Thragun snapped at a piece of the rowan in spite of the fact that it scratched his lips. With a jerk of his head as if he were disposing of a rat, he tossed that.

Hob threw up an arm but, by fortune, the rowan sped true, striking against that round ball of a stomach nor did it fall away.

With a screech Hob leapt up. One big foot touched rowan and he screeched again. Then he began to shake as if some giant hand had caught him and was determined to subdue all struggles.

Hob's mouth opened to the full extent as if half his jaw had become unhinged. Out from between his small fangs of teeth came a puff of sickly yellow as if somewhere within him there burned a fire and this was smoke. His head, flying back and forth from the violence of that shaking, sent a second puff and both struck full upon the top of the pudding.

Now that shivered and rocked. Thragun, not knowing just why he did it, threw a second sprig of rowan and that touched, not Hob, but the pudding.

There was a howl of dismay and defeat. Hob was loosed from the shaking, to crouch on the table. The pudding was gone. A shimmer of the yellow Hob had been made to disgorge hid it completely. That faded, seeming to sink into the ball of dried fruit and flour.
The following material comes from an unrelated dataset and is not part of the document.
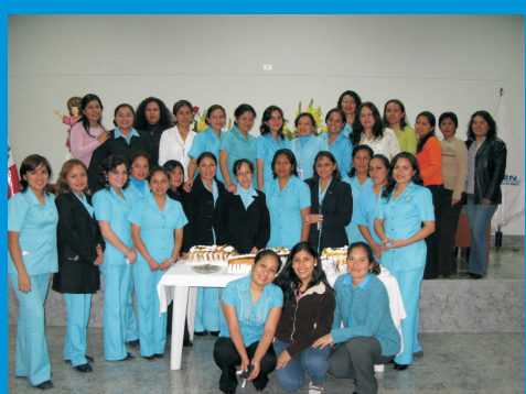
Día de la Enfermera en agosto del 2009. Se realizó un homenaje a todas las enfermeras del IREN Norte.
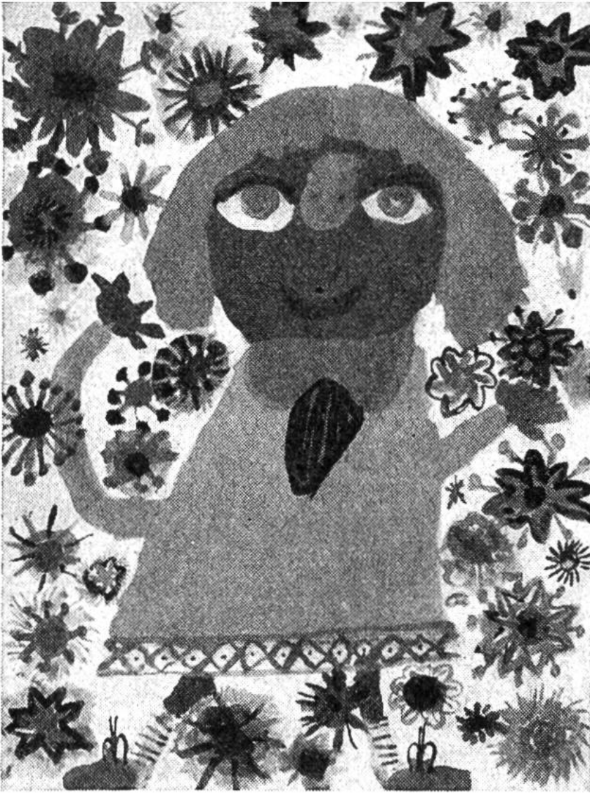
«Ich im Blumengarten», Aquarell aus der Erinnerung von Brigitte Ulrich (7 Jahre), Basel.

7. Preisverteilung: Die Herausgeber des Pestalozzi-Kalenders behalten sich vor, je nach Beteiligung und Leistung, die Preise nach Gutfinden auf die Wettbewerbe zu verteilen.

Hob, his head now in his hands, rocked back and forth. But Thragun pressed closer with a third sprig of rowan which he laid on the top of that ball. Only what stood there now was a teapot-a fine brown teapot, its lid crowned by a sprig of rowan also frozen in time and place.

The cat gave it two long sniffs. He could smell none of the evil that other pot had cloaked itself in. It must be true that the magic of this land was indeed more than even a Khon could fight.
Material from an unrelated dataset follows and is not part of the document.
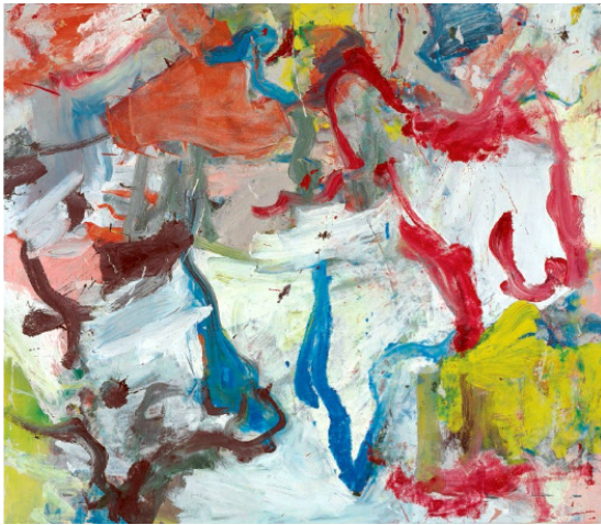
Рис. 2. Виллем де Кунинг. «Без названия IV». 1977. Музей коллекции Менил (Хьюстон, США)

Как философские объекты картины де Кунинга представляют иную онтологию, нежели картины Мондриана. Если картины Мондриана предполагают дуалистическое движение отстранения человека от мира, то полотна де Кунинга говорят об основополагающей вовлеченности в него. И если у Мондриана эта отстраненность связана с асимметричным человеческим господством над пассивной материальностью, то у де Кунинга внимание акцентируется на куда более симметричном взаимодействии человеческого и нечеловеческого. Живопись де Кунинга — неразделимо совместный продукт человеческого и нечеловеческого : де Кунинг, краски и холст. Это децентрированное производство, в котором де Кунинг был одновременно и автором, и исследователем, и активным, и пассивным. Вот первое основание для противопоставления двух художников и их работ. Второе касается временности . Картины Мондриана не затрагивают тему времени. Можно представить себе живопись Мондриана как материализацию почти безвременного платонического образа — образа, который можно ясно представить в уме и в любой момент запустить в реальность. Напротив, представить себе произведения де Кунинга можно лишь появляющимися в реальном времени телесной практики: это должно было произойти — нанесение такого количества этой краски на некоторую уже заполненную поверхность, затем должно было произойти то и т.д. И все это вычерчивает уникальную траекторию, которая приводит к этому изображению. Конечная точка этой траектории ни в коем случае не была пред-

Hob straightened, rubbed his stomach, and there was no longer any sign of pain on his withered face. With a swift bound he reached the fireplace and was gone into his own hidden ways again.

Thragun regarded the teapot critically. It was certainly far more innocent looking than it had been in its other existence, and by what all his senses told him its evil will was firmly and eternally confined. He yawned, feeling all the fatigue of the night, and jumped from the table.

The lantern flickered and went out. But the pudding pot remained to mystify Mrs. Cobb later that morning and many mornings to come.

The Queen's Cat's Tale by Elizabeth Ann Scarborough

I've held my silence long enough and see no reason why my story cannot now be told. My children are grown, everyone concerned save only my lady and me has passed beyond, and though you'd never know it by looking at me, I'm getting on in years. So is my lady, drowsing now beside the fire. Her hair-that smelled so like wild violets that I delighted to roll in its spring-bright strands during those long months when her lord was campaigning and we lay together for comfort. Ah her hair-where was I? Oh yes, (how one does wander as one gets on in years) her hair is now white as that cold stuff-snow, it's called-that sticks to the paw pads and inevitably comes around whether it's wanted or not.

Just like some people I could mention. But more about them later.

As I was saying, it's peaceful here in this simple, quiet place, and although it is drafty, my lady always has a nice fire. Of course, the idea is that we live here with the sisters because my lady has been humbled, you see, and they, she and the sisters, are supposed to be all the same, but snobbery springs eternal and my lady's rank gets us our little fire and the choicest morsels and never a cross word about me even if I choose to sleep in the chapel. A queen-even a former queen, even a disgraced queen, is still top cat.